* **Task directions**
An exact copy of every entry is required, minus the pictures.

-.-.-

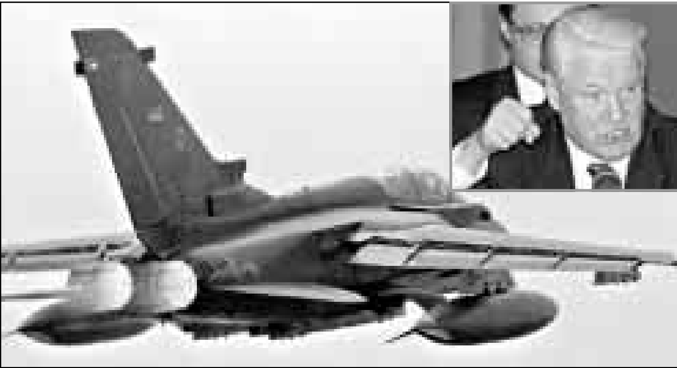
طائرة بريطانية من طراز تورنادو تطلع من قاعدة لحلف الاطلسي في ايطاليا للمشاركة في الغارات ضد الصرب
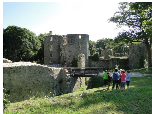
Visite en autonomie
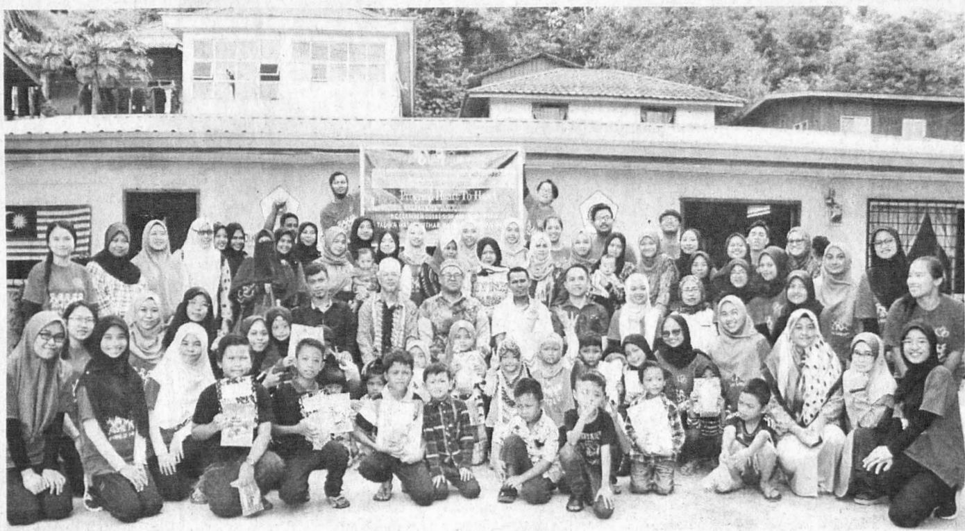
PESERTA dan warga kampung bersama tetamu kehormat pada majlis perasmian Heart to Heart 2018.
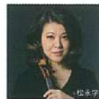
ヴァイオリン 竹澤 恭子
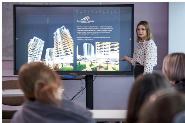
Встреча с работодателем

-.-.-

* **Answer to the problem**
طائرة بريطانية من طراز تورنادو تطلع من قاعدة لحلف الاطلسي في ايطاليا للمشاركة في الغارات ضد الصرب
Visite en autonomie
PESERTA dan warga kampung bersama tetamu kehormat pada majlis perasmian Heart to Heart 2018.
ヴァイオリン 竹澤 恭子
Встреча с работодателем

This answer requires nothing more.